-------- Source data
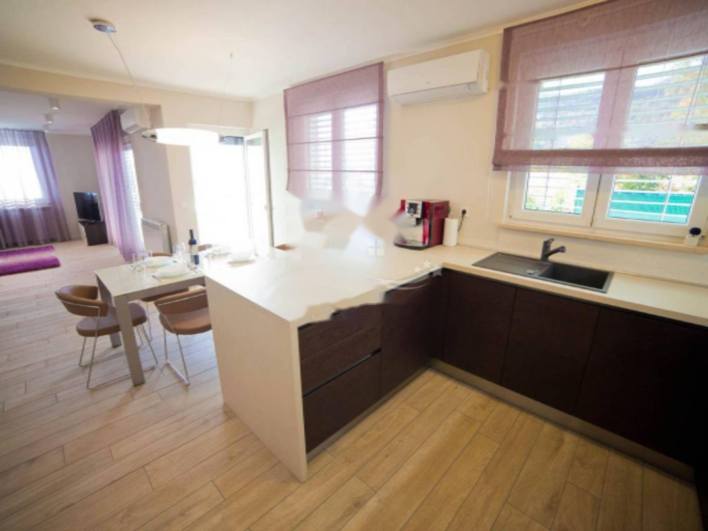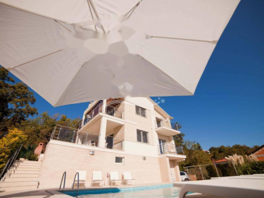 Представляем вашему вниманию роскошную новую виллу площадью 275 м², расположенную на участке 1073 м² в окружении зелени с потрясающим видом на весь Кварнерский залив и острова. Этот современный архитектурный проект, выполненный с использованием первоклассных натуральных материалов, предлагает комфорт и стиль проживания.
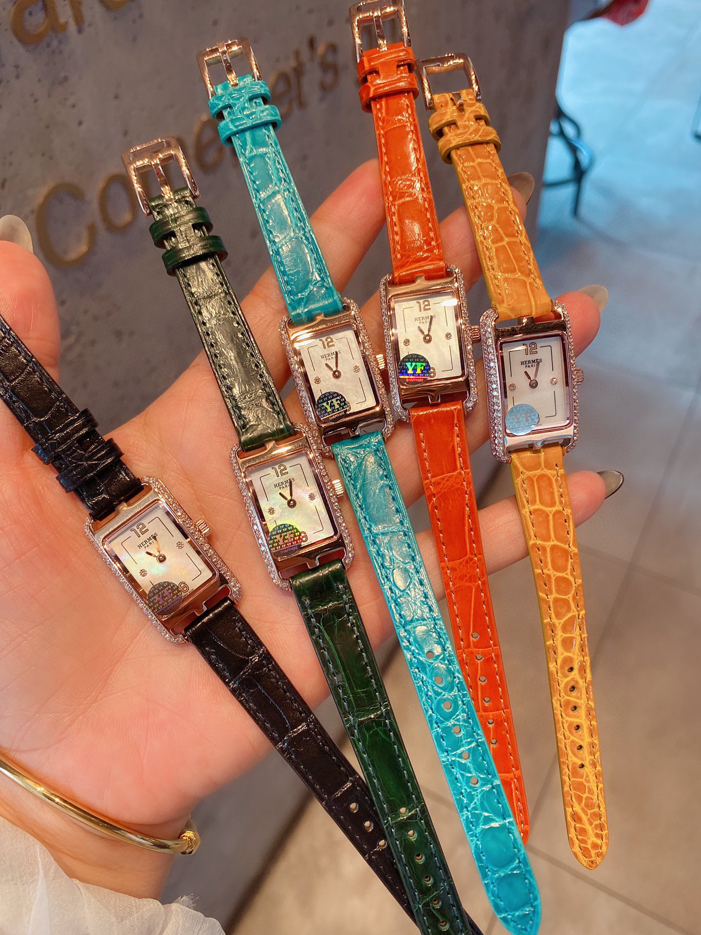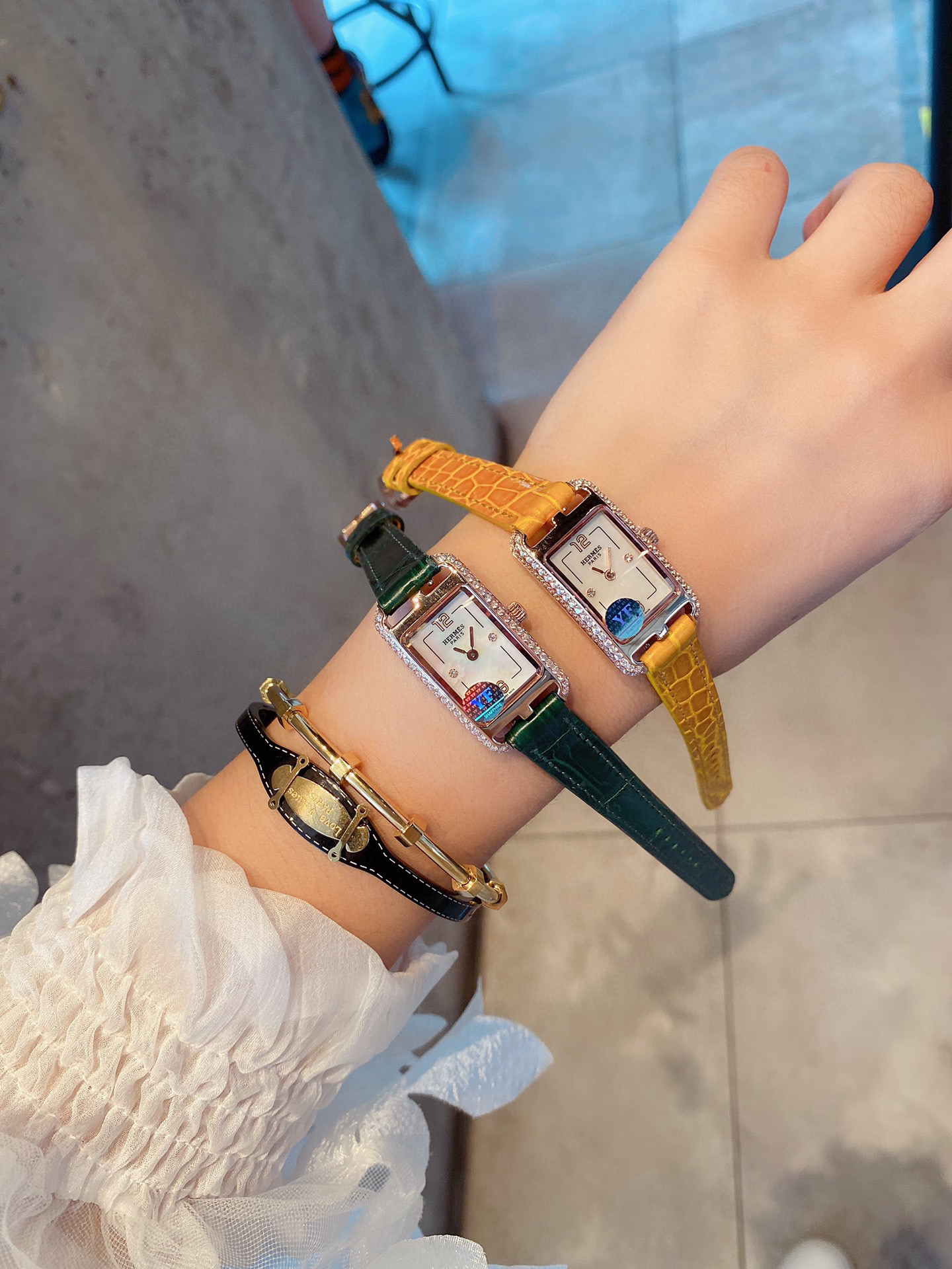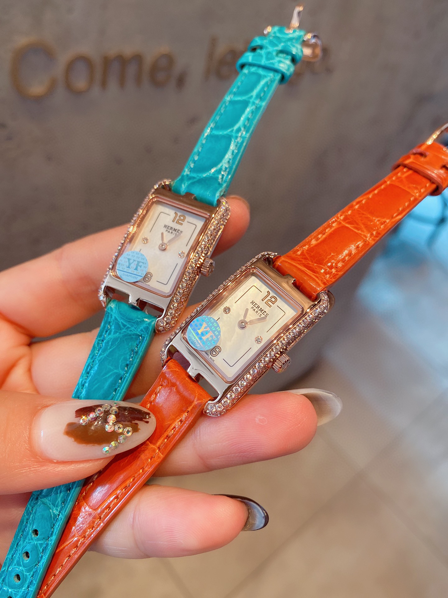 爱马仕Nantucket系列从不循规蹈矩,展现不竭创意,全新TresPetitModeIe腕表进一步凸显了设计的精美轮廓,宝石镶嵌,白色天然珍珠母贝表盘,蓝宝石水晶镜面,原装瑞士ETA石英机芯,搭配色彩丰富的美洲鳄鱼皮表带,为坚定优雅气质画上点睛之笔。
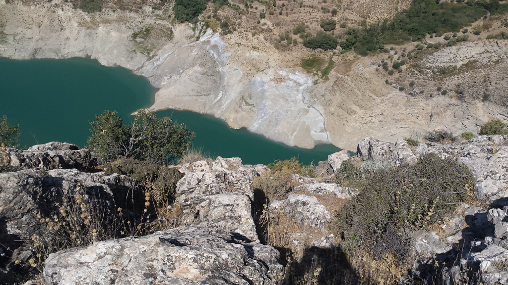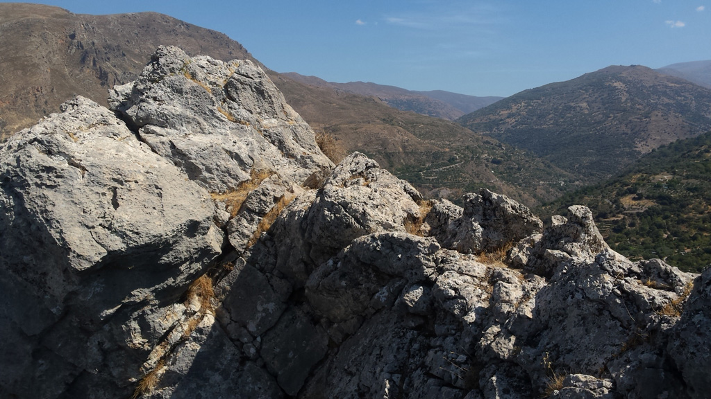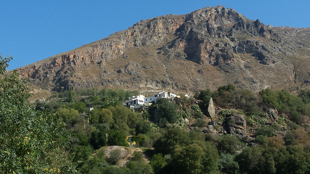 Oberhalb der Talsperre, am Pico de la Lastra, sind die Reste einer ehemaligen Burganlage zu erkennen, dem Castillejo de Güéjar. Dorthin wollen wir. Wieder sind Karte und Beschreibungen nur orientativ und wir verlaufen uns auf einem sehr schmalen Pfad entlang einer acequia – einem kleinen Bewässerungskanal. Die Idee vom “Spaziergang” hat sich überholt. Das Gelände ist steil und wir müssen häufig durch dorniges Gestrüpp kriechen. Auf dem betonierten Rücken eines alten Aquädukts überqueren wir die Schlucht und versuchen über die Felsen hochzuklettern zu einem Weg, den wir von unten sehen konnten. Das geben wir jedoch schnell wieder auf und überlassen das Klettern den Bergziegen, die wir ab und zu in schwindelnden Höhen an den Felsen entlanghopsen sehen. Eine gute Entscheidung, wie sich schnell zeigt. Nur ein paar hundert Meter weiter auf dem alten Pfad erreichen wir den gekennzeichneten Wanderweg, der an einer flachen Stelle über den Wasserlauf in der Schlucht führt und uns sicher zum Castillejo bringt.
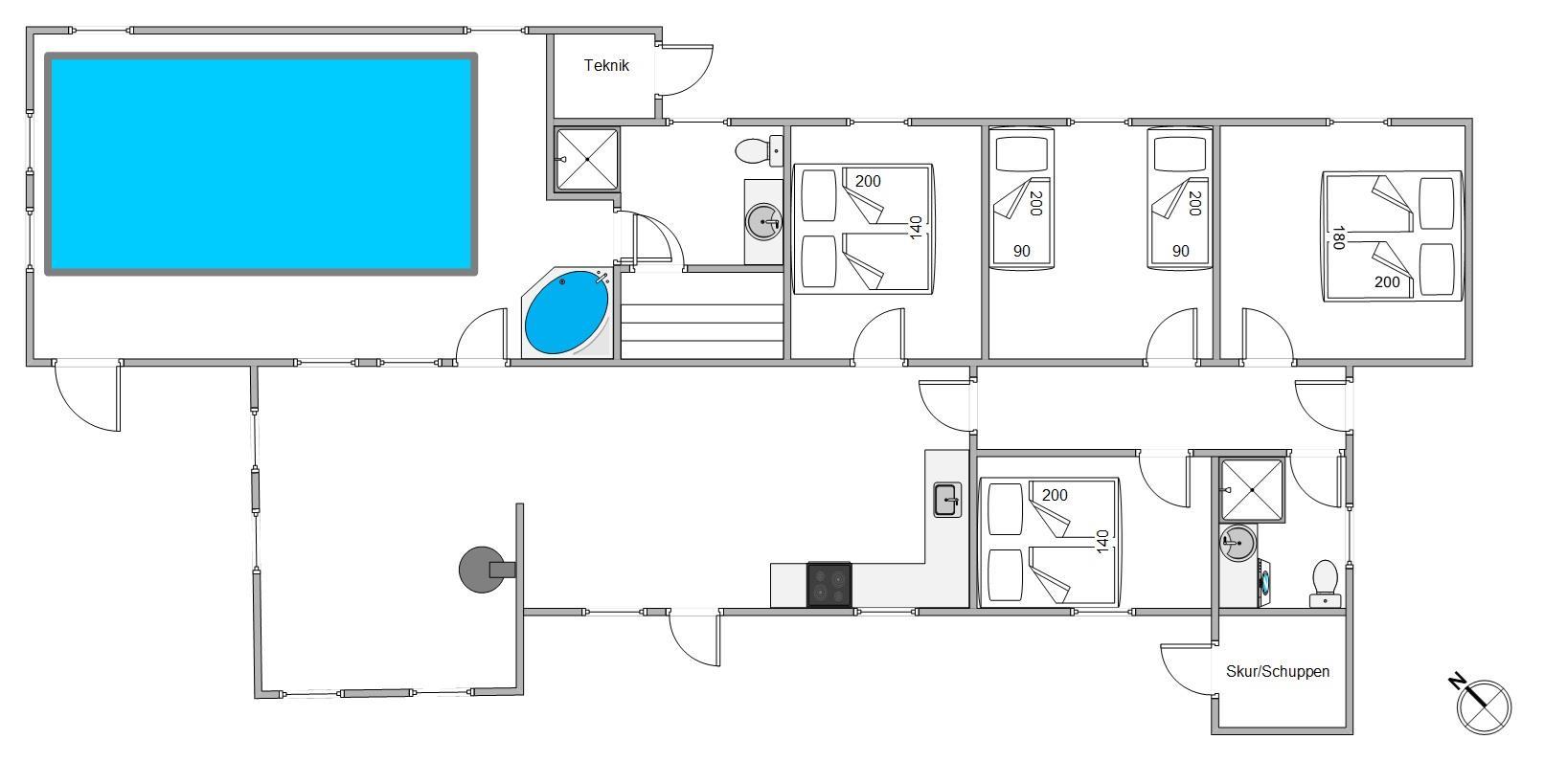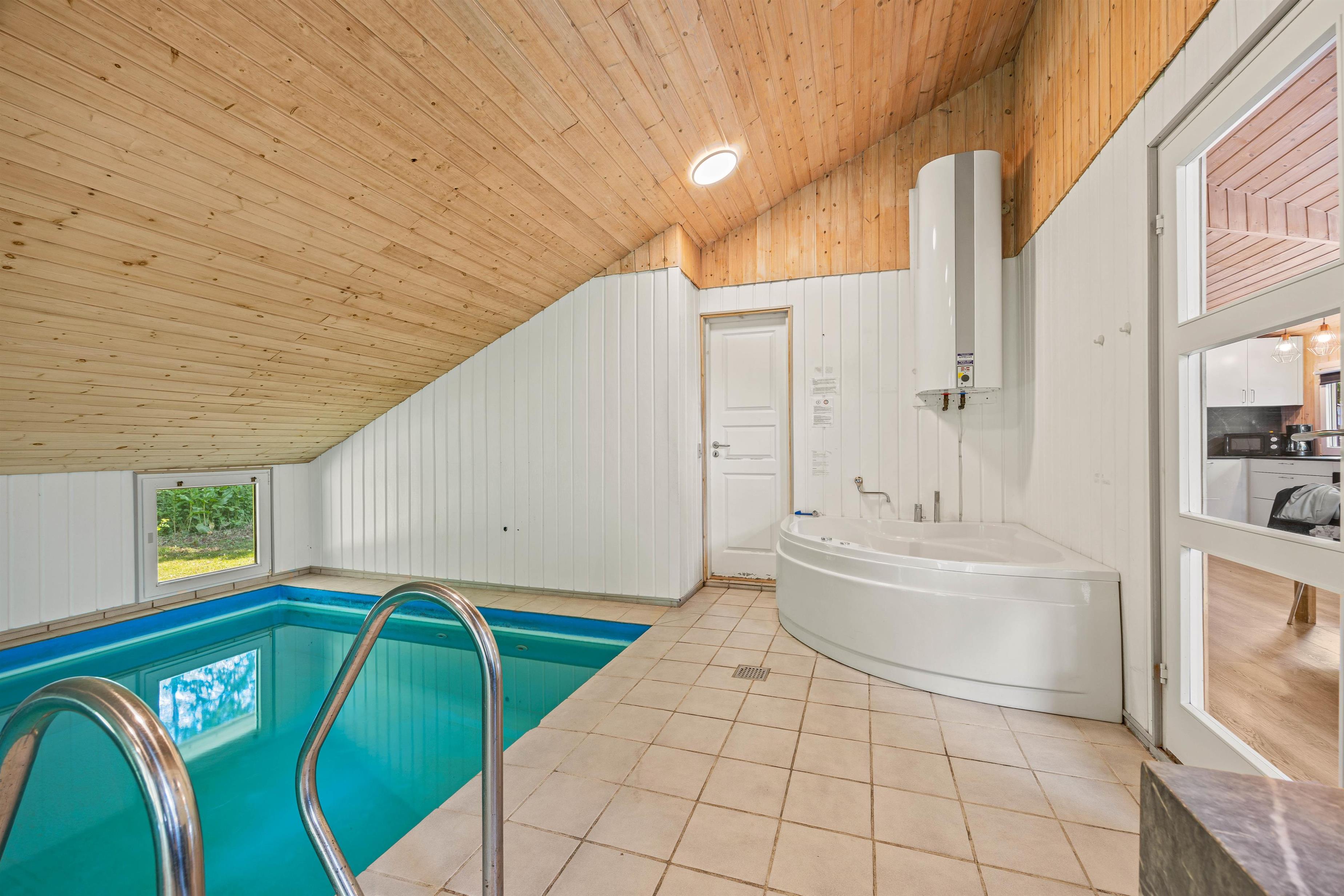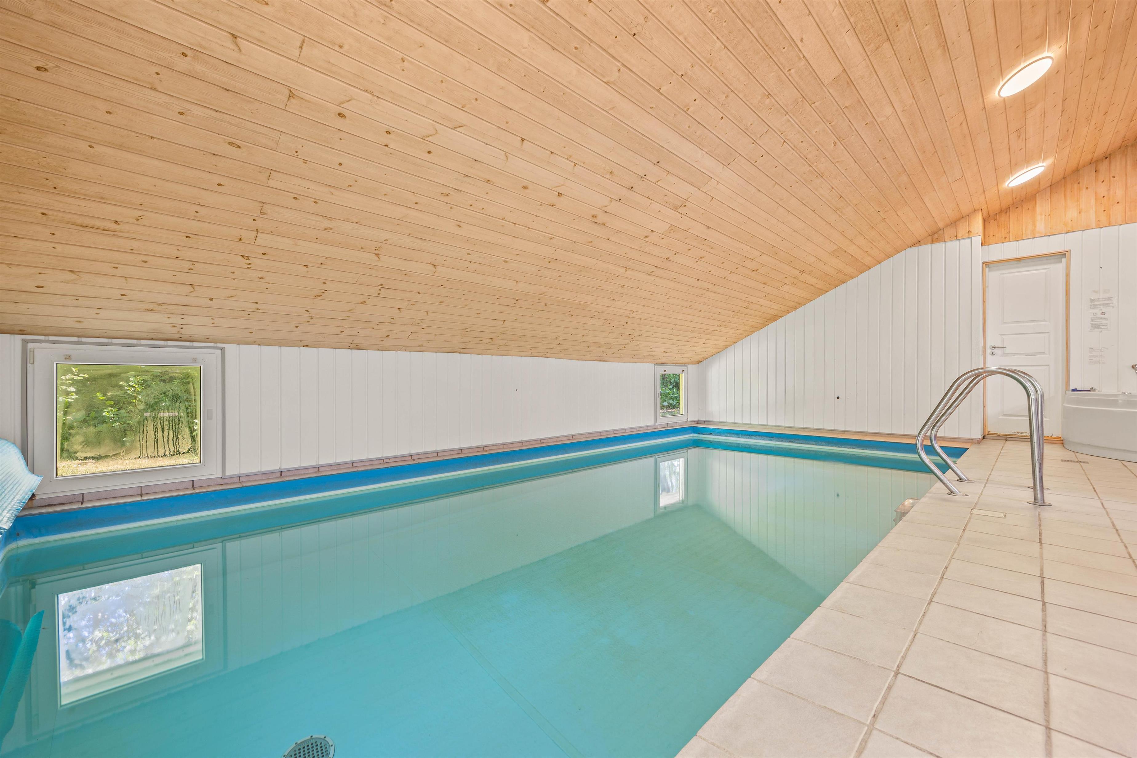 Rummeligt poolhus med brændeovn, spabad og sauna
----------------
* Action item
Take the lines from the start of the listing above through the line with "爱马仕Nantucket系列", both ends included, and copy them exactly, leaving the pictures behind.

* Output for this task
 Представляем вашему вниманию роскошную новую виллу площадью 275 м², расположенную на участке 1073 м² в окружении зелени с потрясающим видом на весь Кварнерский залив и острова. Этот современный архитектурный проект, выполненный с использованием первоклассных натуральных материалов, предлагает комфорт и стиль проживания.
 爱马仕Nantucket系列从不循规蹈矩,展现不竭创意,全新TresPetitModeIe腕表进一步凸显了设计的精美轮廓,宝石镶嵌,白色天然珍珠母贝表盘,蓝宝石水晶镜面,原装瑞士ETA石英机芯,搭配色彩丰富的美洲鳄鱼皮表带,为坚定优雅气质画上点睛之笔。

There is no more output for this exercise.